MOSCOW — The Russian Orthodox Church has launched a new program aimed at preventing the spread of HIV/AIDS in Russia, where experts are predicting an epidemic of the disease similar to the situation in Africa.
The program will see priests give spiritual guidance to HIV/AIDS patients and their families, as well as practical assistance in hospitals and prisons. Churches will also set up hotlines and consultation centers. Priests will be instructed to treat people with the disease “as any other person suffering from some serious illness” and will be encouraged to promote tolerance for patients in their congregations, Father Vladimir Shmaly said Sept. 6.
The program also calls for promoting religious values to prevent the spread of the disease, including discouraging sex with multiple partners, drug use and homosexuality.

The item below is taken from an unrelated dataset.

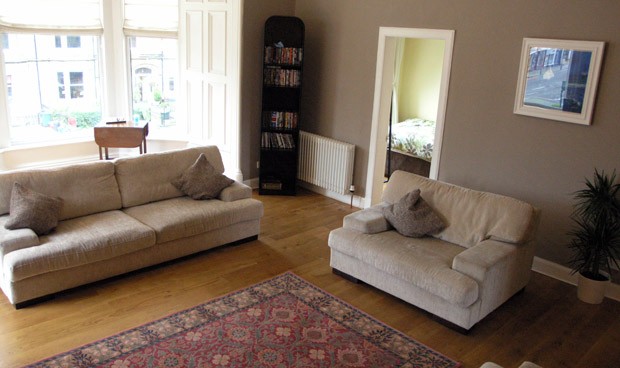 This very large traditional double-upper apartment is ideally situated in the upmarket Newington area, close to the city centre and University district of Edinburgh. The property is situated walking distance to a large variety of good restaurants, bars and attractions such as Holy rood Park. It also has great transport links to all part of the city with an excellent bus service from across the street. The property itself has beautiful high ceilings and ornate cornices, spacious rooms, modern décor, natural oak floors and quality furnishings. It benefits from all mod cons including plasma TV and DVD system, and a modern, well-equipped kitchen.
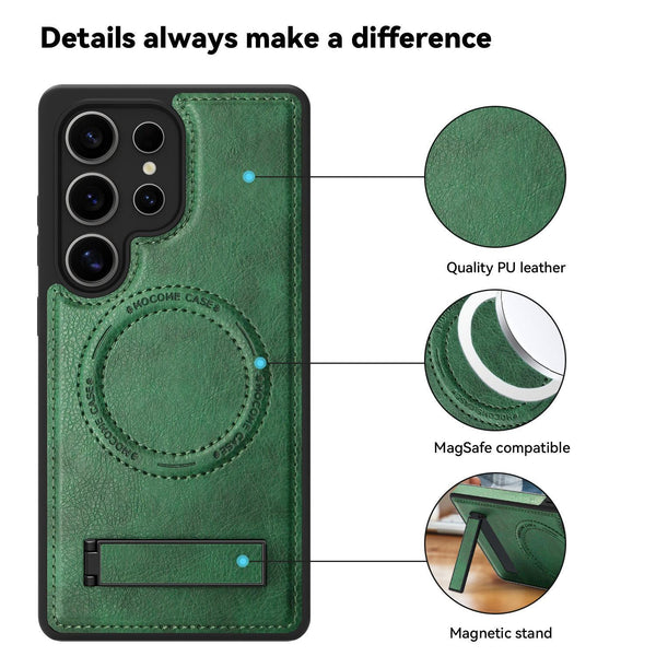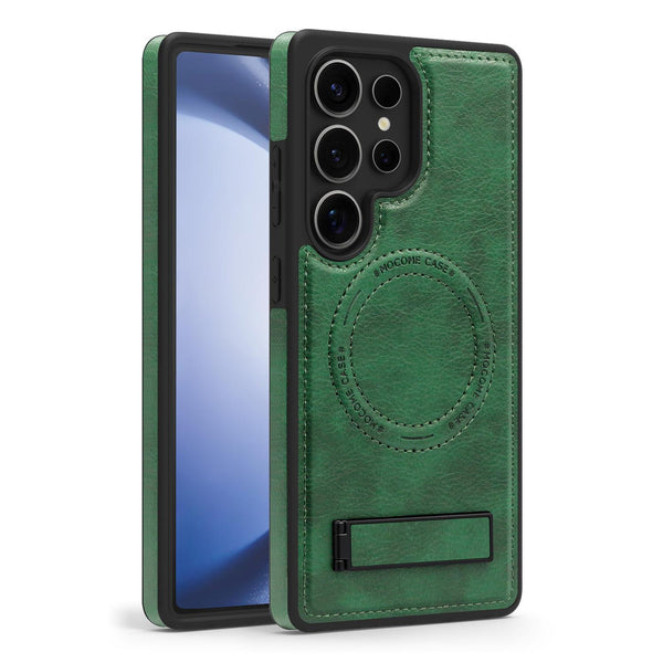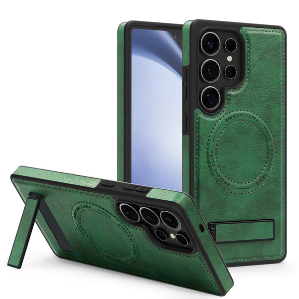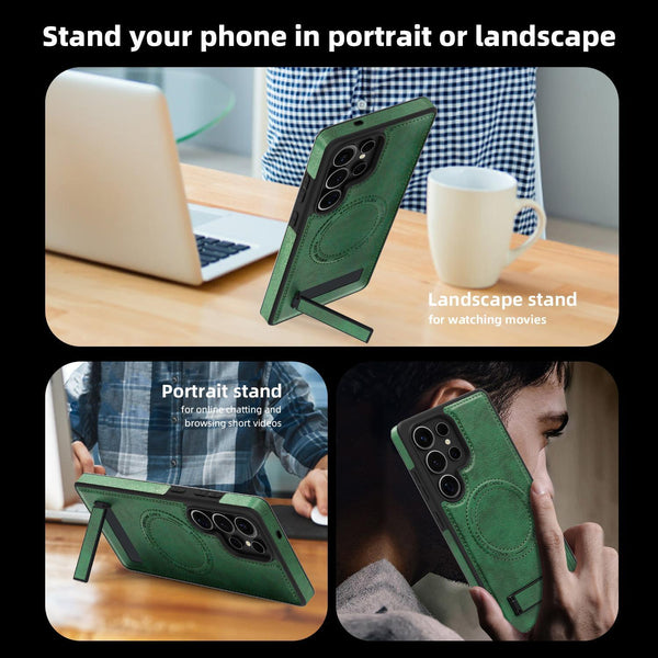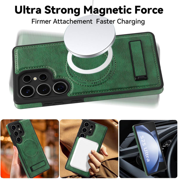 For Samsung Galaxy S24 Ultra 5G Multi-function Holder MagSafe PU Phone Case(Green)

Government officials welcomed the church’s participation in fighting the spread of HIV/AIDS. Alexander Goliusov, an HIV/AIDS expert with the Federal Consumer Rights and Public Well-Being watchdog group, called the church’s program “an historic step in combating the spread of the epidemic.”
Critics have attacked Russian authorities and the church for being slow to respond to the country’s growing HIV/AIDS problem. Russia has the largest HIV/AIDS epidemic in Europe, with more than 1 million people infected, according to various studies. Initially seen in Russia as a disease that affected only intravenous drug users, HIV/AIDS is increasingly spreading to the general population. Infection rates are higher in Russia than anywhere outside sub-Saharan Africa, and experts predict more than 5 million Russians could die of the disease in the next 20 years.